A small lesson to realism wannabe shooters

Have you played Red Orchestra?
Insurgency, the Irak-inspired mod for HL2?
Resistance & Liberation, also for HL2?

These mods (ok, RO is now a retail game, whatever), and other games, seem to try to outdo each other in claiming to be the uber-realistic fps that reach unprecedent detail in their gritty realism, from the guns to the uniforms, and a great emphasis in teamwork, which in their game, “it will really work”, unlike past games that they have tried it, but in the end in public matches everyone run as a headless chicken alone. Hell, some of them were a bit annoying in their claims (Insurgency, i am looking at you…).

But then i play the game, and while in some stuff it’s true they have done a great job, the whole game feels off. They have made the right choices with the possible stances, with the guns, with the inventory system, with the ironsights, but in the end the game plays a whole world of difference of what would be in the real thing (and i am not referring to the fact that if you made a true realistic war game, 95% of it would be waiting, and patrolling, and traveling, and boring things like making a hole in the ground to shit on).

I am speaking about the whole pace of the game, the way the team divides itself as the game progresses, the way people throw their “life” pointlessly in suicide missions, the little use of cover sometimes… in other words, i am speaking about the game type itself. More exactly, to their election of a gametype (usually both teams try to conquest a few zones, or attack/defend the zones) respawning in the initial point every time you die.

Yes, i know each “life” is supposed to be a different soldier, i am not speaking about that, but IMO, given the human psychology, this system is not ideal for this type of games, in the end makes people play very unrealistically, and also it doesn’t promove any teamwork. People just run alone, die, respawn, they try it again using the same path or perhaps another one, die, respawn, they doesn’t follow another teammates, etc etc. Not only that, this system usually makes the game very static, with in each life people trying to go from point 1 to 2 using path A or B and fighting in just that path. Again and again. And let’s not speak about possible spawn camping, as the game needs somewhere to respawn the players, how it usually divides the team in various sections so even if you actively try to keep the squad coherence, or even some games where the put the sector to conquer in or very near a spawn zone!!

So when today i tried it a new mod http://www.neotokyohq.com/
which it doesn’t try to be a “uber realistic war game!” (it does have people moving more or less slowly and stuff, but it doesn’t even have ironsights! :P), and having some enjoyable matches with people going in groups, escorting the “objetive-bearer” to the exit point, people moving with care and using cover, i laughed remembering some matches in the previously named games, where somehow the matches finished with a TDM feeling in my mouth, where the winner was decided when the spawn counter (or time counter) was empty in a side.

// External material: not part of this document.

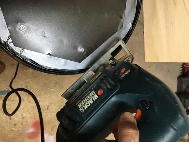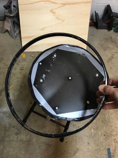 Usted tiene que encontrar a algún tipo de anillo que se ajusta a la cabeza del tambor. Puesto que mi cabeza del tambor era 13 pulgadas, fue un poco difícil encontrar algo en ese tamaño. 12 pulgadas es muy fácil porque la parte superior de un galón 5 cubo de Home Depot es exactamente 12 pulgadas. He probado tomando una tira fina de madera contrachapada y doblar en forma pero no funcionó. Después buscando por ahí encontré que un taburete guardo en mi sótano tenía un anillo alrededor de él que fue exactamente de 13 pulgadas. Yo trabaje con ella el anillo del asiento y salió perfectamente.

The secret of Neotokyo? Not a lot. It just does have a clear objective (take a item from its initial point to a marked exit) with some well thought mechanics (you can’t run or use the main gun with the item, but you can see the enemies through walls), and it doesn’t have respawn system. It’s played with rounds, and everyone has a life in each round, having to wait if you die until the next round. This little incentive (don’t die early if you want to play!) makes wonders for a realism shooter, and every round is like a small slice of realistic action, instead of trying to make a longer but irrealistic round with respawns as in other games.

Woah, that was a lot of text to say i prefer the “last man standing” type instead of “respawn” type in realitic shooters.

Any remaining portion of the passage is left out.